– В таком случае вынужден тебе припомнить банкира Ангелова! – тихим голосом заговорил Леня. – Разве не ты влюбилась в него как последняя дура и не бросила меня ради этого надутого индюка?
– Но я же вернулась через неделю! – В голосе Лолы появились оправдывающиеся нотки, чего Маркиз, собственно, и добивался.
– Мало того, – продолжал он, постепенно повышая голос, – что ты ушла, ушла навсегда, ты еще увела из дому Пу И, хотя прекрасно знала, что он терпеть не может твоего банкира!
– Я понятия не имела, что банкир ему не понравился! Пу И ничего мне не говорил! – В голосе Лолы послышались слезы.
– Из-за твоего необдуманного поступка у собаки мог быть стресс! – теперь Маркиз почти кричал. – А ты же сама всегда говорила, что Пу И очень нервная и легковозбудимая собака!
– Ну, если быть до конца честной, то это у банкира скорее мог быть стресс от Пу И, – протянула Лола, – ты же знаешь, каким «милым» иногда может быть наш песик.

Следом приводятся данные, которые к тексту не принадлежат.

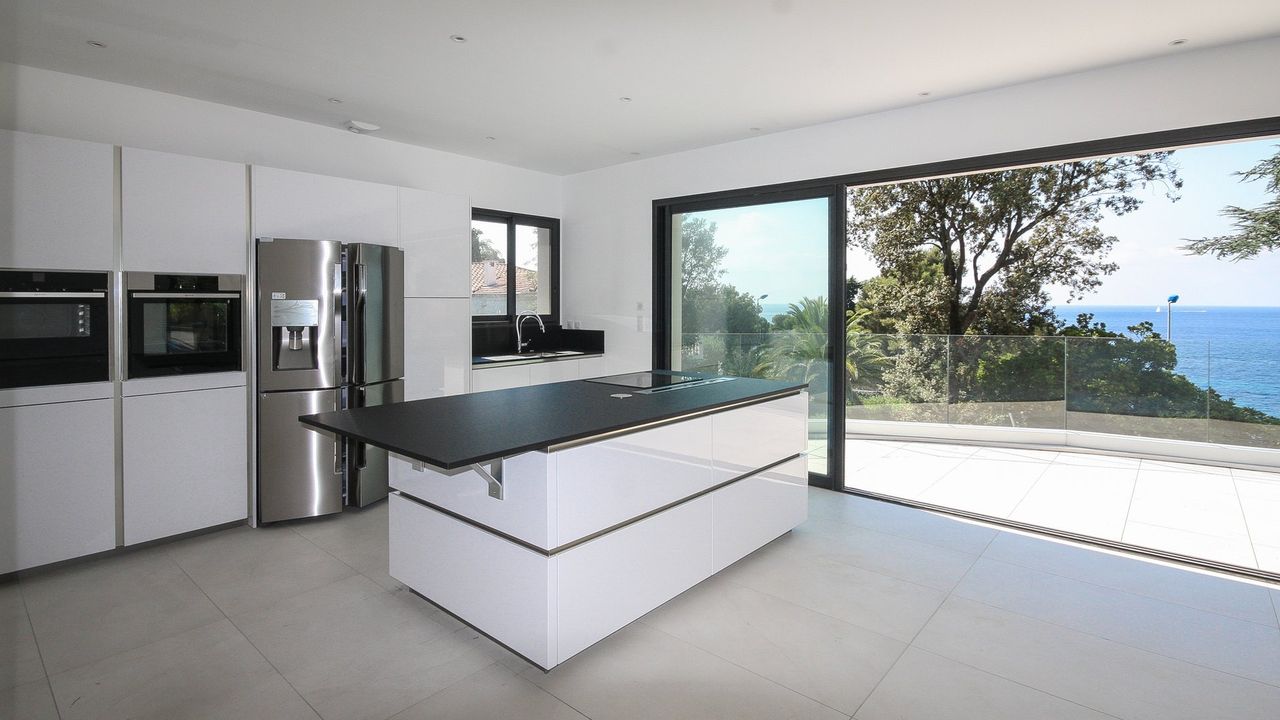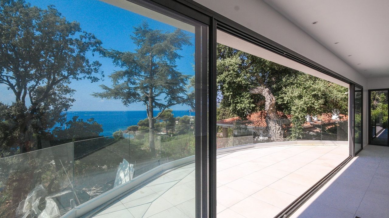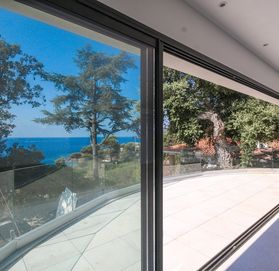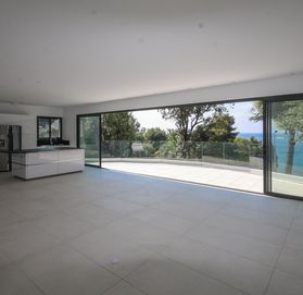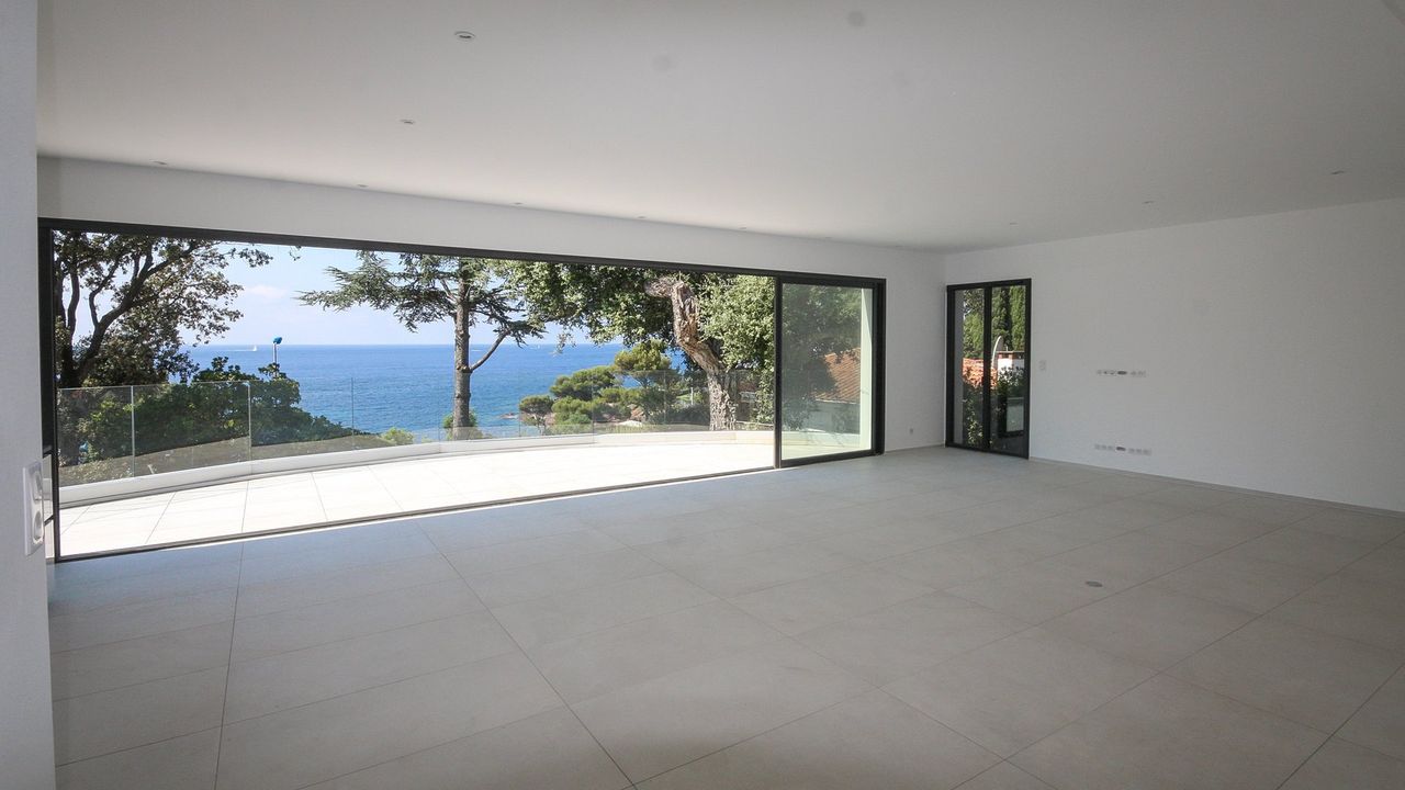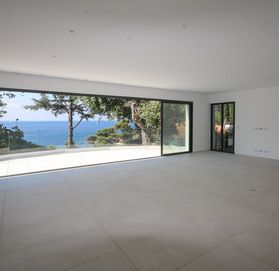 Большая гостиная площадью 75 м2 с 8-метровым эркером с видом на широкую панорамную террасу на южной стороне.
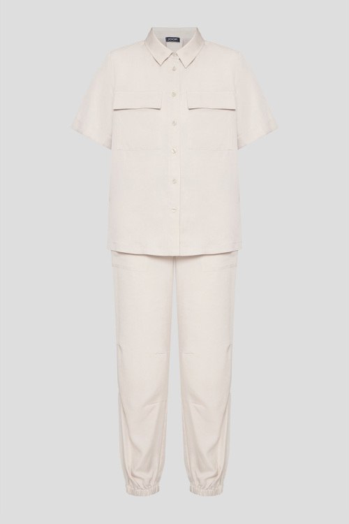 Детали: Женский светло-бежевый костюм из лайкры от Joop! (Йооп!). Рубашка: отложной воротник, два кармана на груди, короткий рукав, застежка на пуговицы, классическая длина. Длина рукава: короткий, для размера 34 - 23 см, обхват груди: для размера 34 - 108 см, обхват талии: для размера 34 - 104 см, длина изделия по среднему шву спинки от горловины: для размера 34 - 60 см. Брюки: эластичный пояс на завязках, боковые карманы, манжеты на резинке, полная длина. Обхват пояса: для размера 34 - 72 см, обхват бедер: для размера 34 - 88 см, длина штанины: для размера 34 - 95,5 см, длина по шаговому шву: для размера 34 - 70 см
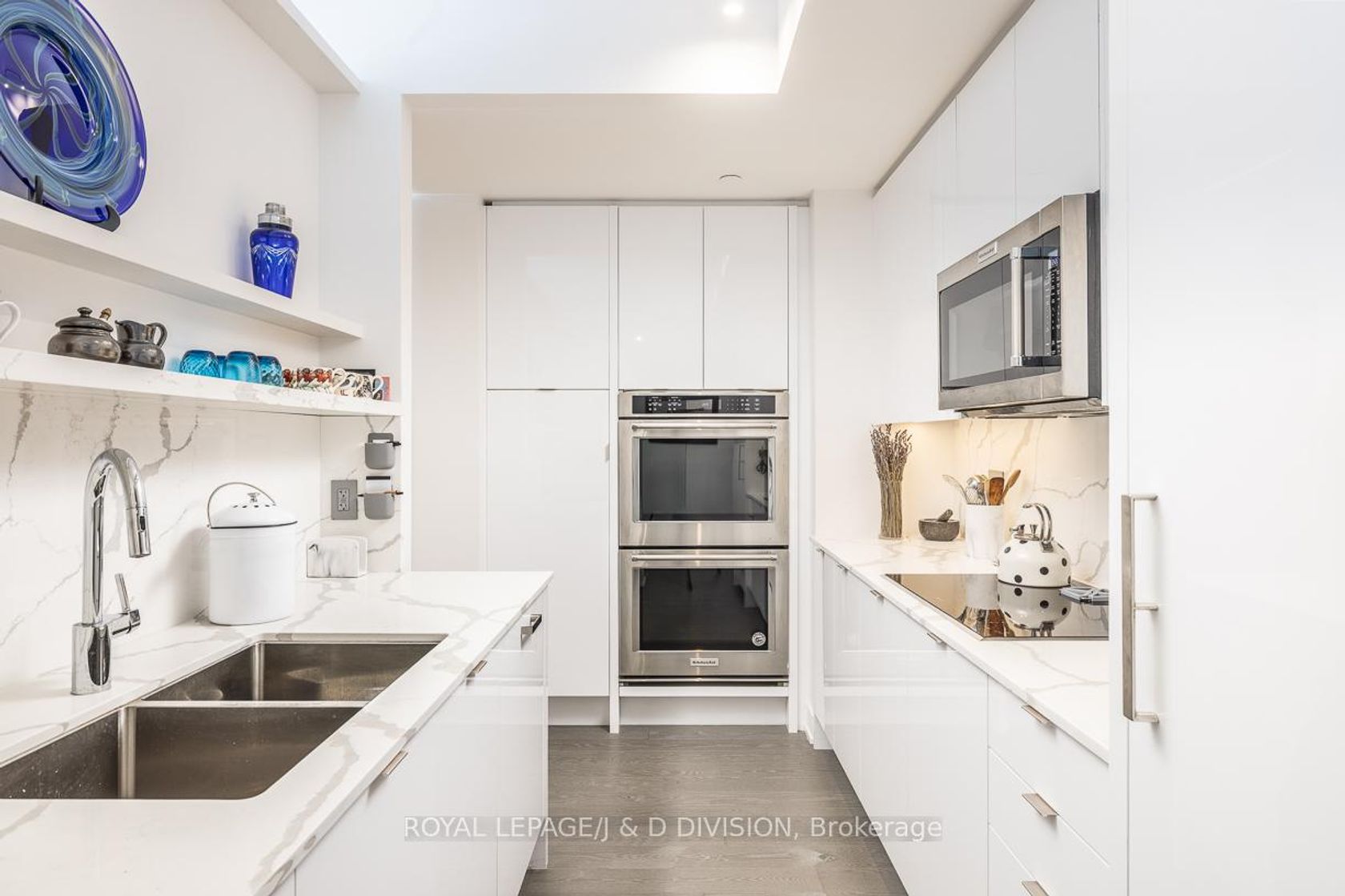 **Incredible value for this square footage, at just over $1000/sqft!** This stunning three bedroom corner suite is over 2000 square feet with distinct living and bedroom areas. Beautifully appointed with hundreds of thousands in upgrades installed by the current owners. Enter through the foyer to the dining room for formal entertaining, with floor to ceiling windows and a walkout to a south-facing balcony. The custom kitchen has high end appliances and finishes, including marble countertops and backsplash (photos included of open concept kitchen from previous owner), as well as a rare walk-in pantry with separate freezer and bar fridge. The expansive living room offers three separate sitting areas with custom designed niches and shelves for displaying art. The primary suite features a walkout to the second balcony, a five-piece ensuite washroom and a spacious walk-in closet with built-ins. The second bedroom offers a walk-in closet with built-ins and a three-piece ensuite. The third bedroom currently is used as an office. Other features of the suite include; 9 ceilings, a generous laundry room with sink and storage, two tandem lockers, and two underground parking spaces. This well managed building has excellent amenities including a 24 hour concierge, gym, lounge, rooftop patio, guest suite, and ample visitor parking. Walk to shops and restaurants in Yorkville. Truly a home in the sky!
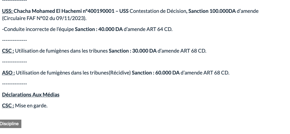 كشفت لجنة الانضباط التابعة للرابطة المحترفة سهرة الإثنين عن قراراتها الخاصة بلقاءات الجولة 18 من الرابطة المحترفة الأولى، وأعلنت ذات اللجنة عن إبقاء ملف شباب قسنطينة مفتوحا وهو المتعلق بالتصريحات الإعلامية لرئيس النادي طارق عرامة مقررة بأن تبقي الملف مفتوحا، وكانت الهيئة الانضباطية قد استدعت في وقت سابق رئيس النادي عرامة، للاستماع إلى أقواله بخصوص تصريحاته التي أدلى بها بعد الهزيمة في الجولة 17 أمام مولودية الجزائر. ومن جانب آخر أصدرت اللجنة عدة غرامات مادية متفاوتة في حق اللاعبين، المدربين والأندية منها بسبب الاحتجاج أو بسبب رمي المقذوفات والألعاب النارية.
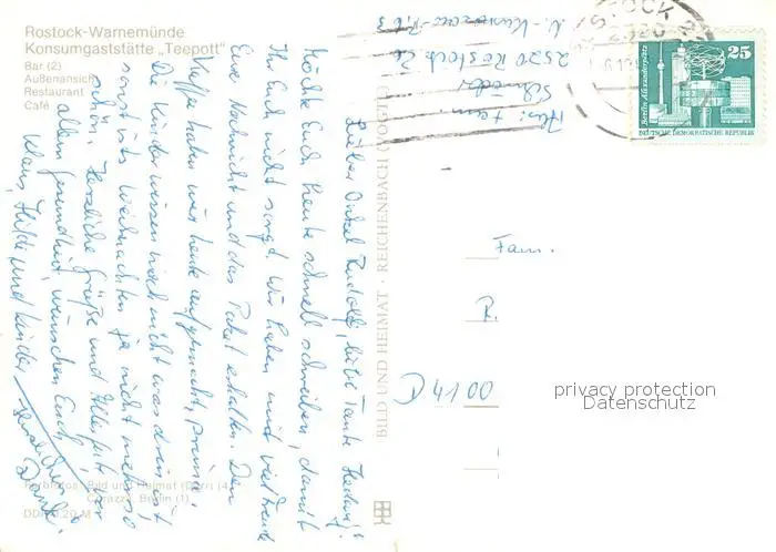 Warnemuende_Ostseebad Konsumgaststaette Teepott Bar Restaurant Café Warnemuende_Ostseebad postalisch gelaufen 1983 Erhaltung siehe scans [FriedD77] Frierer
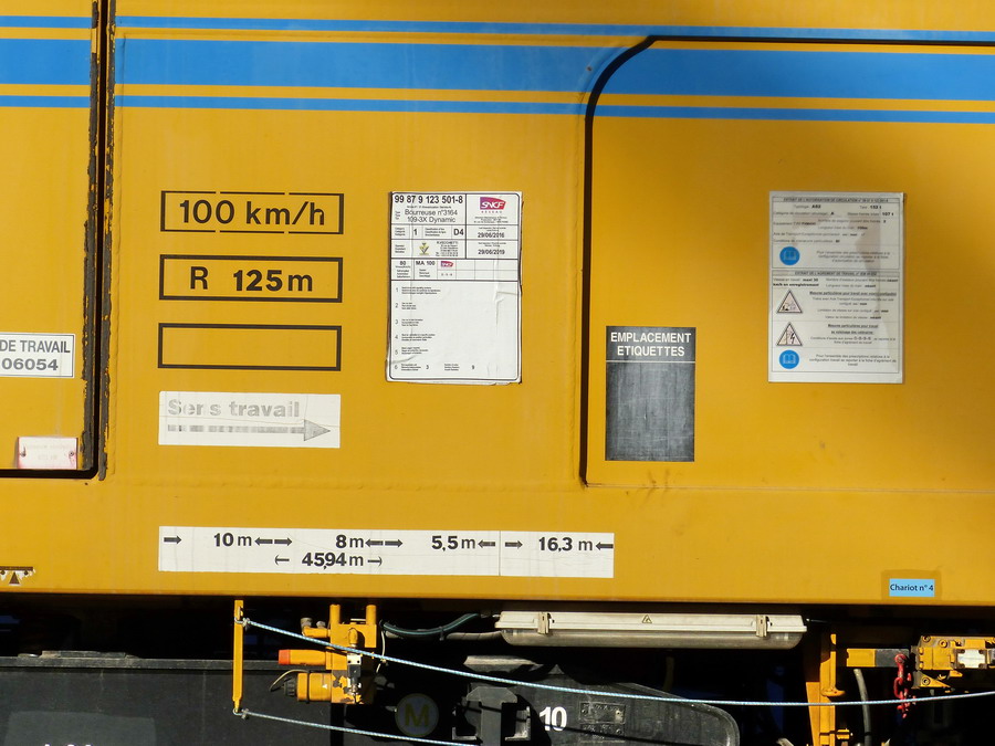- un poste de travail muni d'un siège, disposé comme le précédent, pour l'agent préposé à la commande des points de référence avant des systèmes de nivellement et de dressage. Ce siège est occupé par le pilote SNCF lors des déplacements HLP en marche avant,
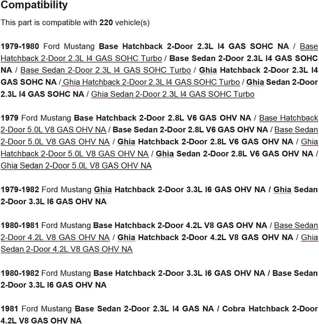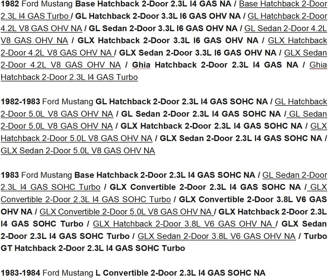 • 【Fitment & Compatibility】: Fits Ford Mustang 1979 1980 1981 1982 1983 1984 1985 1986 1987 1988 1989 1990 1991 1992 1993. Please double-check compatibility prior to purchase.
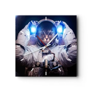 Reloj de pared - Reloj de vidrio - Un gato en un traje de astronauta con la Tierra al fondo y una luz brillante. - 30x30cm - Houston, tienes un problema. - Decoración de pared moderna para salón y dormitorio ARTTOR
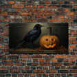 Halloween Decor, Spooky Crow Print, The Raven and The Jack O Lantern, Halloween Wall Art, Victorian Oil Painting, Dark Academia, Goth Art
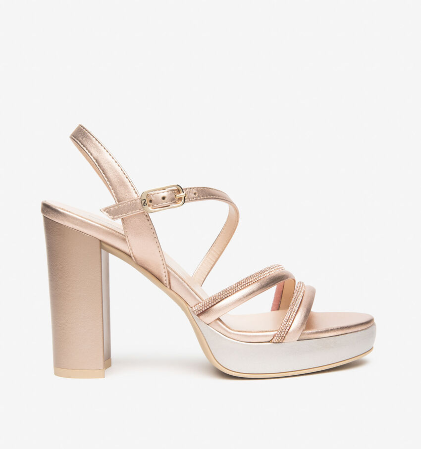 Deze gouden sandalen van Italiaans topmerk NeroGiardini zijn perfect voor jou als je zowel een trendy look als comfort belangrijk vindt! Dit prachtige exemplaar heeft een hakhoogte van Hoge Hakken (>8 cm) cm en vooraan een plateauhoogte van cm. In de zolen van deze sandalen op hak zit een subtiele demping die voor extra stapcomfort zorgt. De pasvorm van deze gouden NeroGiardini sandalen houdt bovendien rekening met het feit dat voeten tegen het einde van de dag altijd wat opzwellen, zeker als het warm is. Z...
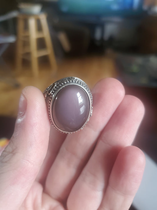 Pink Rainbow Obsidian Adjustable Ring - Sterling Silver
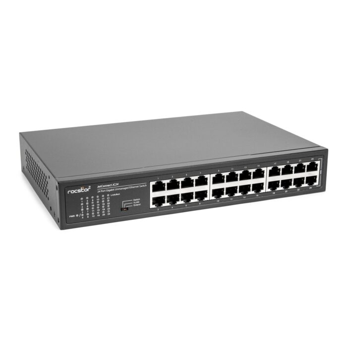 JetConnect JC24 24-Port Gigabit Desktop / Rackmount Unmanaged Ethernet Switch, 24x 10/100/1000 Adaptive RJ-45 Ports, 2 Layer Supported, Metal, Conforms to IEEE 802.3 / 802.3u / 802.3ab Standards – UL Certified – Rack mount – TAA Compliant – Black
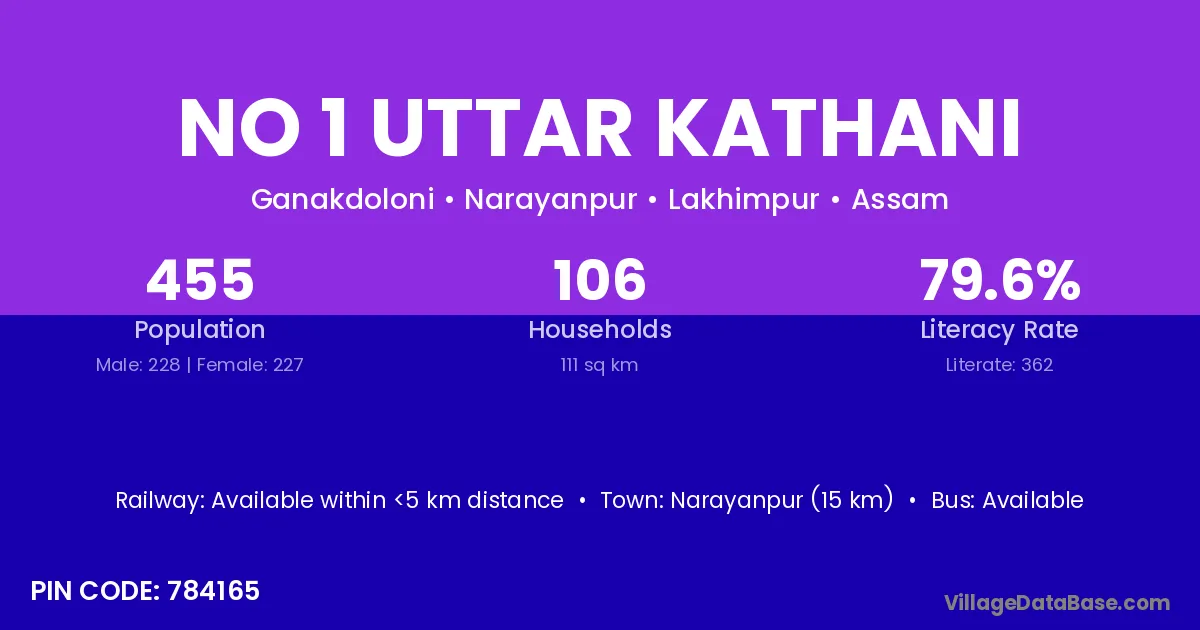 No 1 Uttar Kathani village has a total population of 455 people, of which 228 are males and 227 are females.
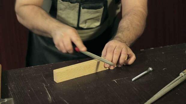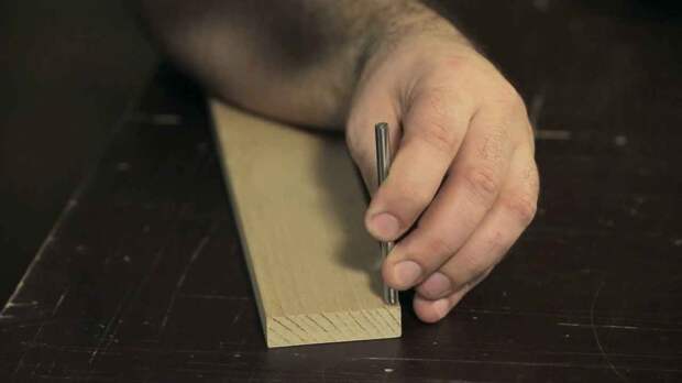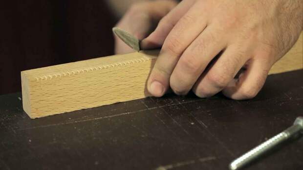 Интересную фактуру на древесине можно сделать с помощью обычной шпильки или гвоздя с закруглённой шляпкой. Для этого поставить шпильку на заготовку.
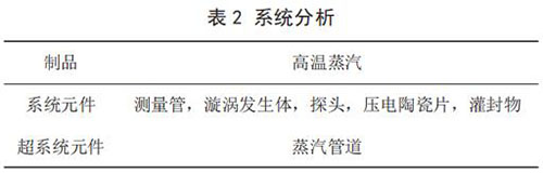 1)定義技術(shù)系統(tǒng)實現(xiàn)的功能。問題所在技術(shù)系統(tǒng)為二氧化硫流量計傳感器系統(tǒng);該技術(shù)系統(tǒng)的功能為轉(zhuǎn)換信號;實現(xiàn)該功能的約束:測量精度為 ±1%,成本提高控制在 20% 之內(nèi)。
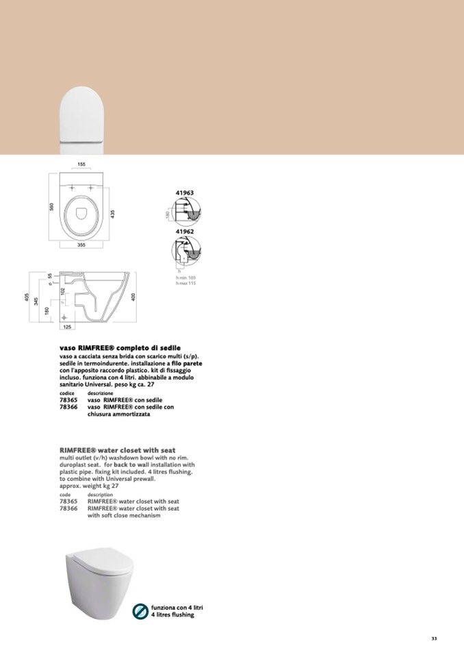 plastic pipe. fixing kit included. 4 litres flushing.
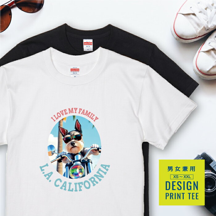 犬 tシャツ 半袖 シュナウザー ソルト ペッパー バイク 西海岸 カレッジ メンズ レディース ユニセックス 夏 海 ビーチ ハワイ リゾート フェス かわいい おしゃれ カジュアル 親子コーデ ペアルック 家族 ギフト プレゼント カリフォルニア サーフ アウトドア
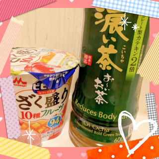 冷たい緑茶とヨーグルトの

Маркиза очень порадовало местоимение «наш», это значит, что Лола в душе согласна сменить гнев на милость.
– Лола, поверь, ни минуты я не забывал о деле! – вдохновенно соврал Леня. – Сейчас мы поедим, и я все тебе расскажу. Кстати, как ты думаешь, с курицей ничего нельзя сделать?
Дверь кухни открылась, и появился невесть как просочившийся туда кот Аскольд. Он выглядел весьма удовлетворенным и усиленно облизывался.
«С курицей? – говорил его взгляд. – Где вы, интересно, на кухне видели курицу?»
Лола с Маркизом, бросившись на кухню, застали там только Пу И, который догрызал остатки курицы.
– Пер-риньке ор-решков! – раздалось с холодильника.
– Зажарить Пер-риньку вместо курицы! – рявкнул голодный Маркиз.
– Попугай не при чем! – пылко заступилась Лола. – Он не ест себе подобных! Это все мерзкие звери, они совершенно отбились от рук!
Кот потерся о Лолины ноги и громко мяукнул.
– Он говорит, что ты переложила базилика, – сообщил Маркиз, который понимал своего питомца с полумява.
– Господи, какие же вы все, мужчины, одинаковые и противные! – расстроилась Лола.
– Ну-ну, дорогая, возьми себя в руки! Конечно, я понимаю, зима, плохая погода, да и дело у нас какое-то сейчас непонятное…
– Ты называешь это делом? – вскипела успокоившаяся было Лола. – Я провожу время на кухне и в беседах со старухой, от пирожных скоро ни в одну дверь не влезу, а он называет это делом!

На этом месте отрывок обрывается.